The FPA website cites that it is "also known for its research, training of health professionals and development of award wining resources. The Association provides policy advice to government and advocates for comprehensive, age appropriate sexuality education in schools and easier access to contraception for all New Zealanders."

Sex Education
FPA's response to NZ's rising abortion rates is to advocate more contraceptives, and sex education at increasingly lower ages. Yet, approxi- mately two thirds of unplanned pregnancies are due to contraceptive failure.
In line with IPPF policy FPA strongly supports the right of a woman, regardless of age, to consent to or refuse to consent to having an abortion, and believes that access to abortion services should be "free, legal, and safe."

In the mid-90s came concern about the accuracy and content of the information provided by counsellors attached to abortion clinics. In September 1998, the Ministry of Health published 25,000 copies of an 18-page booklet entitled "Considering an Abortion? What are your Options?"
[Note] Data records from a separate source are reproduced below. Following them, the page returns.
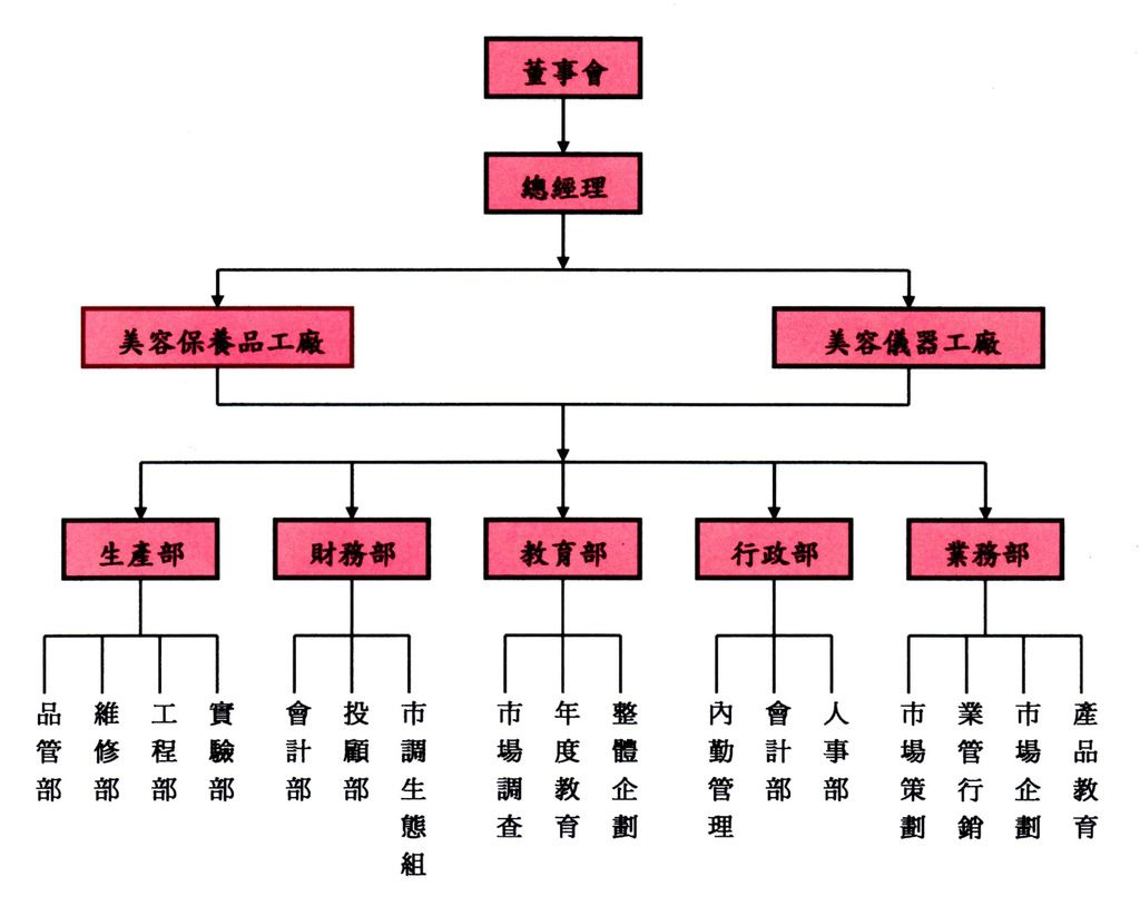 公司最上面三位老闆,老闆下來有總經理,總經理下來有副總經理,接著經理ˋ主任ˋ副理ˋ基層員工
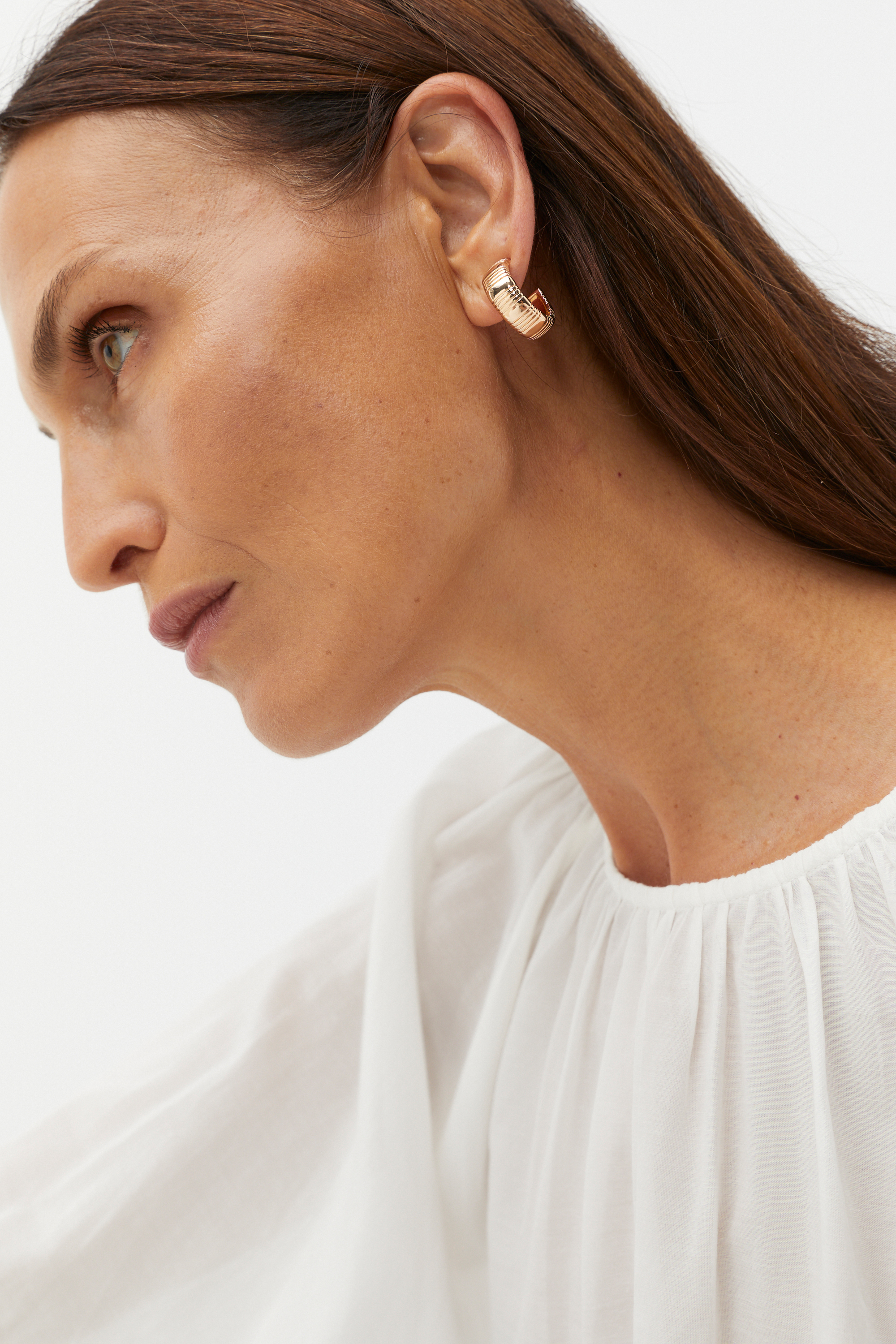 A simple style with an elegant finish, these hoops are an ideal style for your accessories refresh. They feature creased details and are available in silver or gold for versatile styling. Pair with the matching ring for a curated look.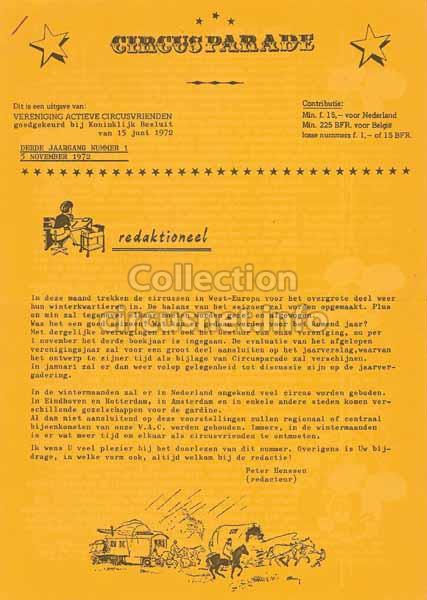2210 journals We gather documents coming from circuses, but also related to circus, as this issue of the “CircusParade (NL)” journal, published in 1972 |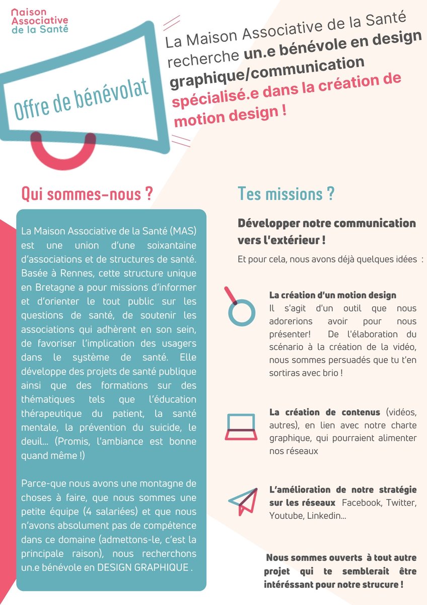 APPEL A BENEVOLE: CREATION MOTION DESIGN La Maison Associative de la Santé recherche un.e #bénévole en #design #graphique ou #communication pour la création d'un motion design ! N'hésitez pas à diffuser l'annonce dans vos réseaux ! #recherche #bénévolat #motiondesign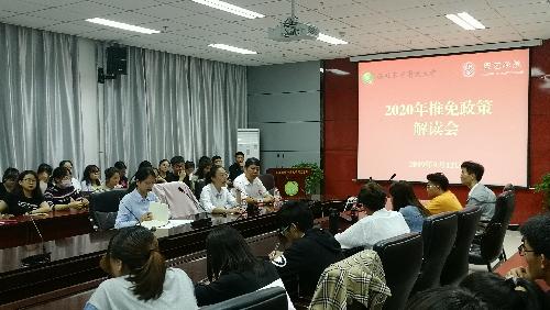 9月12日晚,学院副经理胡晓辉在207会议室为16级毕业生举行2020年推免政策解读会,党委副书记王国晖应邀参与本次解读会,16级本科生辅导员曹有芳老师主持解读会。

A working party in Auckland had been commissioned to write the draft. The members were Dr John Taylor, who had recently retired after years as the chief operating surgeon at the Epsom Day abortion clinic, Dr Christine Roke, a senior official of the NZ FPA, and Annetta Moran, a secondary school teacher and a member of the national executive of SPUC.

The 25,000 booklets were sent to GPs around the country and the feedback indicated they were acceptable and proving useful.

However, FPA executive director Dr Gill Boddy-Greer (PhD), strongly objected to the (Nielsen) foetal photographs and said on a TV programme, the Holmes Show, that the photos were a distortion. Abortion opponents claimed that the photographs were denounced by the FPA because they (the photos) accurately portrayed the foetus to look 'human.'

The FPA returned their copies to the Ministry, as did counselling staff at abortion clinics around the country. The Ministry then declined to print further copies and has maintained this policy despite repeated requests.

Parental Notification
Natural Fertility NZ and Family Planning NZ have signed a memorandum of understanding that will see the two organisations work together in areas of common interest.
New Zealand FPA Executive Director, Dr Gill Greer, said greater commitment to family planning and reproductive health programmes is needed in developing countries to slow population growth, improve maternal and child health, and protect against sexually transmitted infections (STIs) including HIV/AIDS.

"We know from the rest of the world's experience that countries that been most successful in reducing poverty have also done the most in reducing high levels of population growth by meeting reproductive health needs." (IPPF website, news reports - 21 Aug'03)

FPAID receives funding from the David and Lucille Packard Foundation which enables them to continue "to develop international projects and raise awareness in relation to the International Conference on Population and Development Programme of Action and the Millennium Development Goals."

Many private Foundations support population control through contraceptive and abortion programmes such as those developed and used by FPA.